In California, the state Senate voted 24-8 to lift a two-year-old ban on fundraising during parts of the legislative season. The ban was put in place in the wake of a series of scandals that got three senators thrown out of office. Members weren't allowed to fundraise during eight weeks of the year -- four weeks during budget negotiations and the last four weeks of the session.

But with primaries coming up next month, senators found this an inconvenient hindrance. It wasn't fair, they argued, that they couldn't raise money while their opponents -- including members of the state Assembly -- could.

Similarly, the Missouri state Senate killed a proposal that would have limited campaign contributions. Missouri is the only state with no limits; campaign contributions were abolished in 2008. But the issue isn't entirely dead: Earlier this month, backers of a ballot measure to impose fundraising limits turned in 272,000 signatures to the secretary of state's office.

And on Tuesday, a federal judge struck down Montana's limits on parties and political action committees' contributions to candidates for statewide office. The state will appeal, but for now, limits revert to where they were before a campaign fundraising law was passed in 1994.

That means candidates can raise a lot more money. PACs, for example, will now be able to give $10,610 to statewide candidates for their primary and general election campaigns, compared to just $1,320 before.

In Utah, GOP House Speaker Greg Hughes warned his colleagues Wednesday to maintain a clear distance between policy discussions and pleas for campaign donations. The comments came in response to the publication of an audio recording between GOP Gov. Gary Herbert and lobbyists. The governor was caught saying that his chief of staff and Lt. Gov. Spencer Cox would be running the state so he could be on "high giddy-up" pursuing his re-election bid. He then added that he would be happy to meet with them individually or as a group to collect campaign checks.

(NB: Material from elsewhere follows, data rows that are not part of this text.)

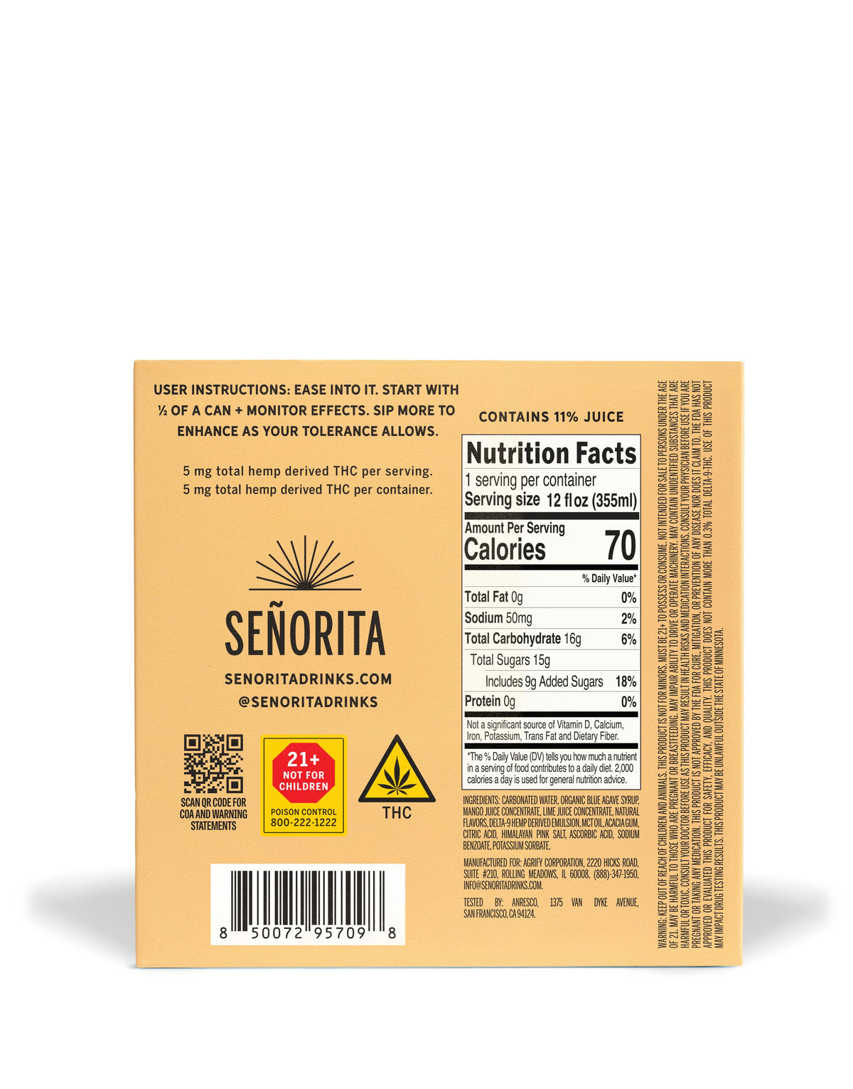 Yes. Señorita THC beverages use delta-9 THC which is derived from hemp. The Agricultural Improvement Act of 2018, known as the Farm Bill, allows states to create their own rules for hemp-derived products.
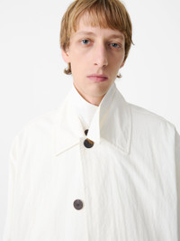 The Nevis coat is made from a Japanese cotton and nylon-blend twill that has a tactile surface and a crisp, ‘noisy’ hand feel. It’s cut to a long silhouette with a concealed buttoned placket, giving it a clean-lined look that’s further enhanced by the clever sleeve construction – set-in at the front, yet raglan at the back. DETAILS - Classic collar - Button front with concealed placket - Front slant pockets - Below the knee length - Wear it with the matching Howse PantJosefp is 6'2" / 187 cms and wears a size MediumXinyue is 5'11" / 180cms and wears a size Small CARE 55% Cotton 45% Nylon Do NOT Wash | Professionally Wet Clean Only
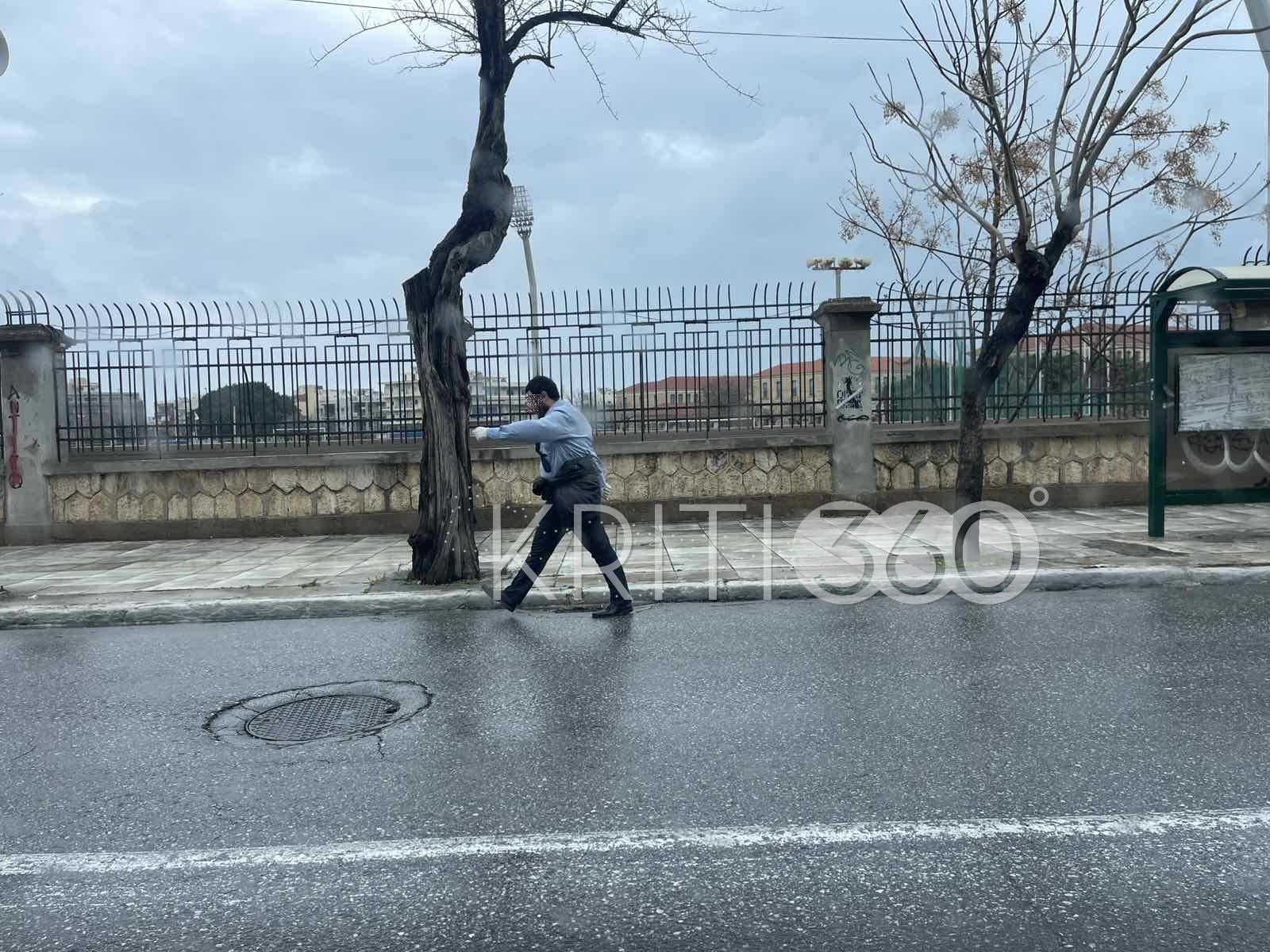 Περαστικοί τον είδαν με σταθερό βήμα και αποφασιστικότητα να περπατά την οδό Παπανδρέου χωρίς να ενοχλείται από τις ψιχάλες της βροχής.
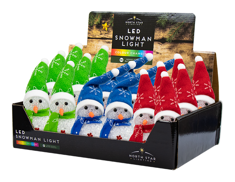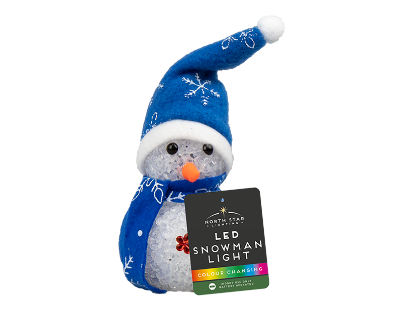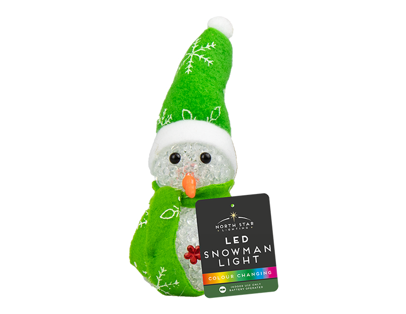 This battery operated Colour Changing LED Snowman is constructed from flexible plastic and features a polyester hat and scarf, and plastic accessories.

In Kentucky, Longtime Incumbents Shown the Door

Two longtime legislators from Louisville lost their seats in primaries on Tuesday.

Republican state Rep. Tom Crimm, who had been in office for 20 years, was unseated by attorney Jason Nemes. On the Democratic side, Attica Scott, a member of the Metro Council, easily defeated Tom Riner, who had served in the state House since 1982.

Riner had drawn criticism from Democrats for helping Kim Davis, the Rowan County clerk who became nationally famous for refusing to issue marriage licenses to same-sex couples.

In another GOP state House primary, Tony Quillen won, even though he'd tried to drop out of the race. Quillen ran for the seat in a March special election. After losing, he unsuccessfully sought to withdraw from the race to give fellow Republican Danny Bentley a free ride to the nomination for a full term.

Quillen won easily, but party officials say that the results won't count and that Bentley will, in fact, be the nominee.

"I can't lie," Quillen told The Daily Independent. "It did put a big smile on my face when I drove home tonight."

Portland Gets New Mayor and Higher Gas Prices

Oregon Treasurer Ted Wheeler was elected Tuesday as the new mayor of Portland. He faced 14 opponents, but by taking a majority of the vote (56 percent), Wheeler was able to avoid a runoff in November.

Portland is booming, but Wheeler pledged to address income inequality, build more affordable housing and reduce homelessness.

Portland voters also voted to raise gas taxes in the city by a dime for four years. The measure is expected to raise $64 million, which will be spent on roads and pedestrian and bicyclist safety improvements.